* _DATA BELOW_
BEGIN

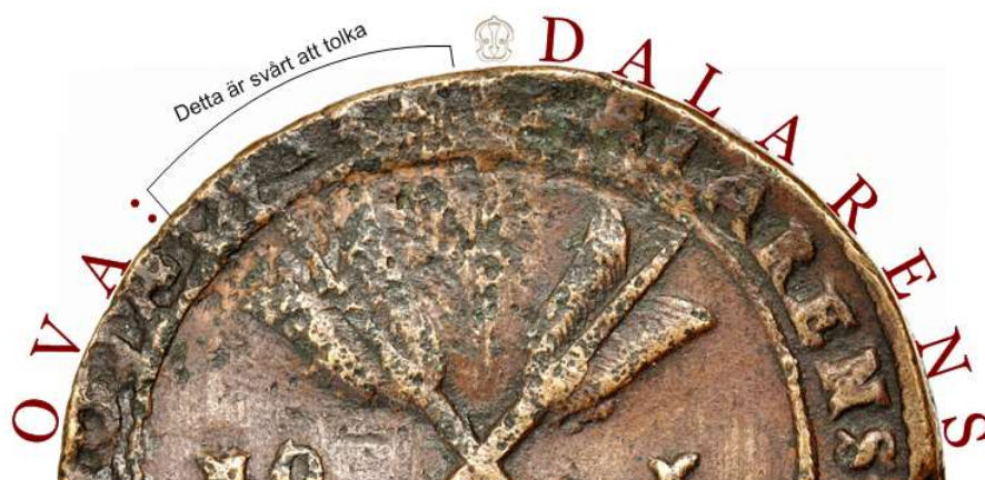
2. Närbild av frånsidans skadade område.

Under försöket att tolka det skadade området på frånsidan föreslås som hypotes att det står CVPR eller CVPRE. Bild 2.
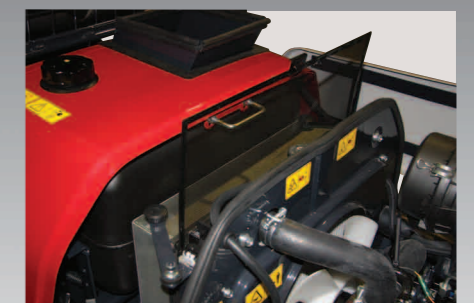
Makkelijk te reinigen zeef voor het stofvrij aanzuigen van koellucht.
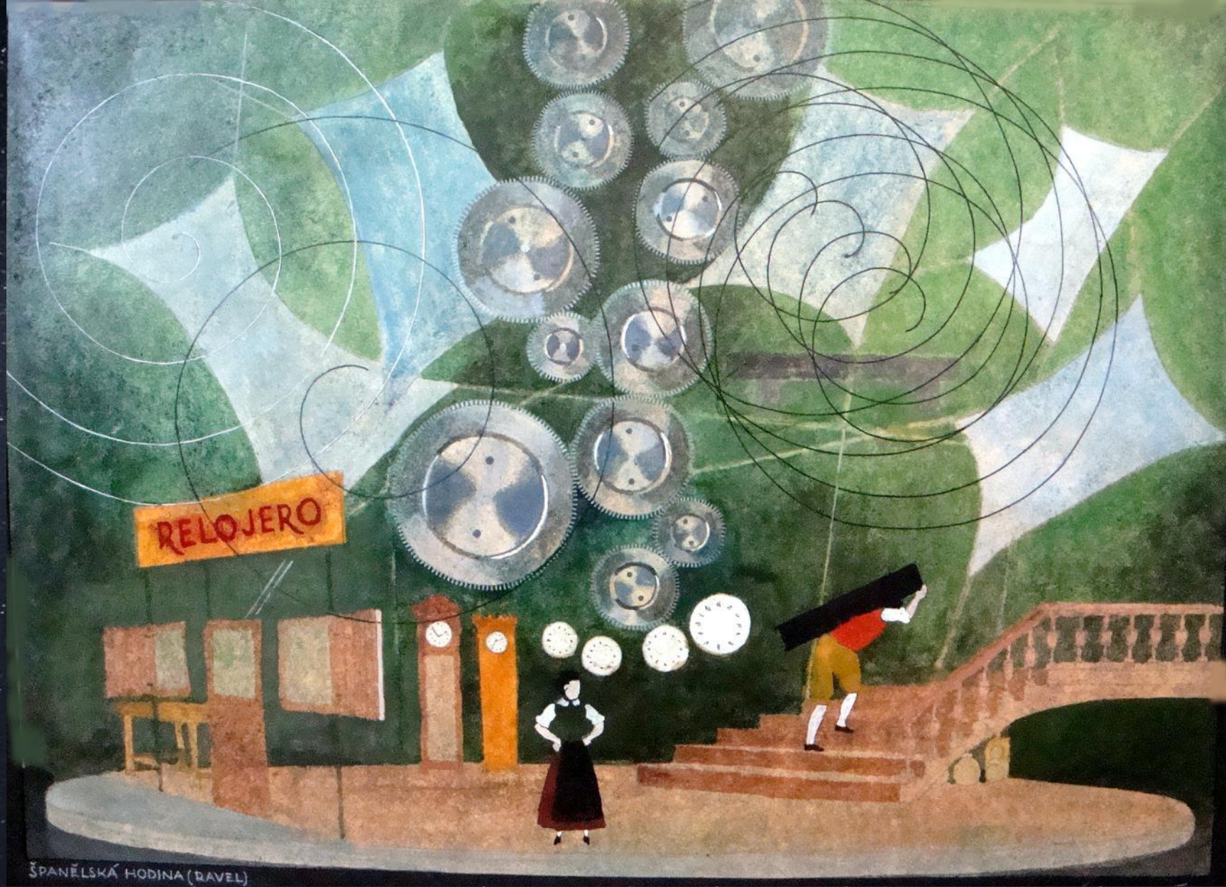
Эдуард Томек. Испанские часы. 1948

END

* _TASK ITEM_
Repeat the data word for word, excluding any image.

* _REPLY TO THE EXERCISE_
2. Närbild av frånsidans skadade område.

Under försöket att tolka det skadade området på frånsidan föreslås som hypotes att det står CVPR eller CVPRE. Bild 2.
Makkelijk te reinigen zeef voor het stofvrij aanzuigen van koellucht.
Эдуард Томек. Испанские часы. 1948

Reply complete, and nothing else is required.